I know it Triangle is a war game, and people are dying in it. It’s just a sad reality. And yet, I can’t help but marvel at the beauty of it all as I pan the camera around the three-dimensional battlefield. I was thinking Octopath was pretty, but Triangle truly sets the standard for beauty and production values ​​in a modern pixel-art game. Yes, my soldiers were killing human beings in the flesh. But do you have seen the sparkling river? Or the steep character of the reddish cliff? When I got really Stressed out by the strategy, I took a deep breath and toured the battlefield. War has never looked so good. And the lore outside of these cards is impeccable. I’ve played a lot of war games that require me to engage with fictional worlds out of a sense of heroic obligation. When I make decisions Triangle strategy, however, I do not mean noblesse oblige. I think of the people of Roselle who carved their villages into the cliffs of Glenbrook – a testament to their enduring resilience in the face of persecution.

A battle map where the player can see how many enemies are targeting Serenoa.

Screenshot: Square-Enix

There are no narrative tricks. The designers have quite simply created a universe that is close to your heart by providing you with small attentive details. The doubts siblings feel about each other, the gifts exchanged before a character’s untimely death, the minutiae of how the territories’ turbulent histories complicate what might otherwise be a simple moral decision – nothing all this is just a simple setting like in many bloated RPGs. Here, even the generic NPCs lead surprisingly dignified lives as they did in Octopath. Unwilling to sacrifice even a single civilian’s house, my fondness for them caused me to struggle with a single map for four hours, when I could have solved it much faster had I been willing to abandon their homes. While most tactical combat simulators like XCOM and even a lot fire emblem The games treat each unique card as throwaway puzzles to be solved, the game is determined to show that everyone’s dignity matters, regardless of their station.

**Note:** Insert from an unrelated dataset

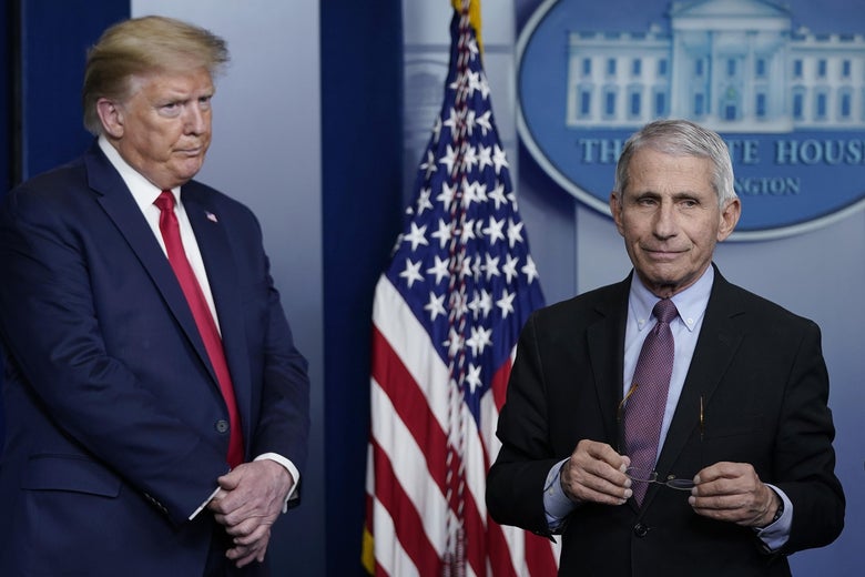 President Donald Trump is smearing Dr. Anthony Fauci, the director of the National Institute of Allergy and Infectious Diseases. Trump wants businesses and schools to reopen sooner than Fauci thinks is safe. So the president has fabricated a story about Fauci giving bad advice. Trump's goal is to make the public think that Trump, not Fauci, knows best what to do about the novel coronavirus. But his fabrication shows the opposite: While Fauci tells the truth, Trump tells lies.

Despite having a more focused story than its eight-protagonist predecessor, Triangle Strategy employs a similar narrative design philosophy with a focus on world building. As you progress, you must periodically use the “Belief Scales”, a system that determines the direction of the story at key turning points. Your path forward is decided by a vote, and the main character can influence their party members with logical or emotional appeals. Often the only way to get key information for these calls is to talk to NPCs throughout your adventure. I love that caring about others isn’t just a fun way to waste time on the continent of Norzelia. This is the key to ensuring the survival of your party.

Octopath tried to decentralize the lone hero narrative structure of so many games by providing eight protagonists, and the result was wildly uneven. The stories often seemed contradictory and hazy – each member of the group had their own quest that felt entirely separate from the others, and so their willingness to travel together felt like forced artifice. But in Triangle Strategy, the voting system allows each member of the party to have different opinions while maintaining a concrete reason to stick together. The belief scale system also subverts the chosen hero archetype in that each person bears some responsibility for the outcome of each vote. Even when I didn’t like the way my decisions turned out, I didn’t feel any of my usual temptations to reload my save file. Since the whole group had had a say in the actions of the party, I didn’t feel like an evil tyrant sending them to fight on my own personal whim.

If anything, Triangle made me realize how screwed up most tactics games are. Think about it: you play as a royal or noble who commands your friends to fight (and sometimes die) in wars simply because they had a revealing moment in which they believed in you, or because they were bound to you by honor or obligation. In Triangle Strategy, each is driven by their own goals and ideologies. No one is just a disposable pawn. It’s a worldview that more games could incorporate into their stories, even if they deal with the dirty business of killing fictional people across borders.